Jusqu’à présent, les études sur les champs de force ont porté sur des perturbations mécaniques appliquées à chaque cycle de marche pendant une période donnée. Toutefois, les patients requérant une réadaptation locomotrice font face à une diminution de leur endurance à l’effort. Le premier objectif spécifique est donc de confirmer si l’application de stimuli sporadiques peut induire une adaptation locomotrice.

Les études initiales sur les champs de force portaient également sur une perturbation mécanique présente sur toute la durée du cycle de la marche. Les études plus récentes ont toutefois montré qu’une perturbation présente uniquement sur une fraction du cycle de la marche pouvait également induire une adaptation, permettant alors de réduire la demande énergétique requise pour vaincre la perturbation. Le deuxième objectif spécifique est de confirmer si des perturbations ciblées dans le cycle de marche induisent une adaptation dont l’effet peut être ciblé à une zone du cycle de marche (malgré leur application sporadique).

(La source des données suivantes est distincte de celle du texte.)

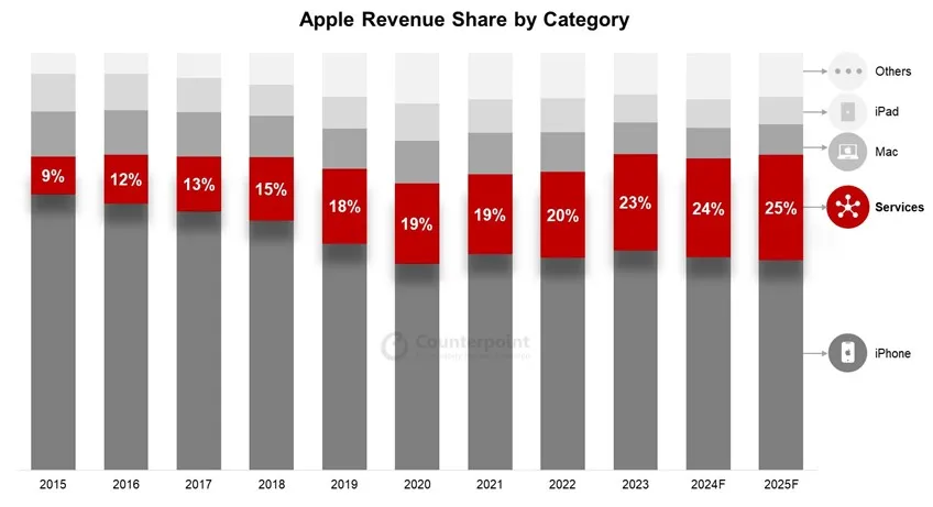 Counterpoint Research:苹果服务收入有望在2025年首次突破每年1000亿美元大关

Les troubles locomoteurs nécessitant de la réadaptation sont de nature variée. Plusieurs de ces troubles locomoteurs sont la conséquence d’un manque d’activité musculaire, alors que d’autres sont la conséquence d’une augmentation du tonus musculaire. Une adaptation locomotrice adaptée nécessiterait donc de moduler positivement ou négativement le niveau d’activité musculaire. Le troisième objectif spécifique est de valider si une modulation musculaire bidirectionnelle est possible lors de l’adaptation locomotrice induite par des champs de force. L’utilisation des réflexes comme sonde pour tester l’état du SNC est une option intéressante pour rechercher des modifications centrales associées à l’adaptation et, ainsi, localiser des circuits associés au processus d’adaptation. Toutefois, l’utilisation de réflexes d’étirement semble perturber l’adaptation dans un champ de force, ce qui indique qu’ils interagissent avec les mécanismes d’adaptation. En rétrospective, cela s’explique par le fait que la création d’une adaptation dans un champ de force et l’obtention d’un réflexe d’étirement proviennent tous deux principalement d’afférences sensorielles proprioceptives. Différentes formes de perturbations mécaniques ont ainsi un effet sur l’adaptation. Le quatrième objectif est donc de préciser la nature des stimuli (afférences sensorielles et/ou erreur de mouvement) qui peuvent induire une adaptation et si l’une ou l’autre est plus efficace.

29

Étant donné que les perturbations mécaniques induisent une adaptation via les mêmes afférences sensorielles que celles initiant des réflexes d’étirements, il est raisonnable de croire qu’une perturbation plus lente et progressive comme les champs de force pourrait également induire une réponse réflexe. Ainsi, le cinquième objectif spécifique de ce mémoire est de vérifier si une réponse réflexe est produite en réponse aux différents types de champs de force. Si oui, un sixième objectif sera de valider s’il y a une association entre la force de l’adaptation et l’intensité du réflexe détecté, voire plus spécifiquement à l’une des réponses individuelles constituant le réflexe. Une telle corrélation entre une boucle réflexe et la force de l’adaptation pourrait préciser la nature du signal nerveux déclenchant l’adaptation, de même que possiblement localiser certains circuits du SNC impliqués dans la plasticité adaptative en se basant sur les structures nerveuses parcourues par une boucle réflexe.

30

2 - Méthodologie de la recherche

2.1 – Formule d’expérimentation

L’expérience décrite dans l’article ci-joint est de type quasi-expérimentale. Elle fut effectuée selon un devis à multiple sujets uniques (« multiple single subjects design »). Il s’agit d’un mode d’expérimentation où chaque participant est son propre contrôle pour les comparaisons subséquentes. Ce mode d’expérimentation offre ainsi le moyen d’observer des tendances sans comparer directement des sujets entre eux, prévenant ainsi des biais de comparaison puisque les participants ne possèdent pas, à la base, le même patron de marche ni la même sensibilité neurosensorielle.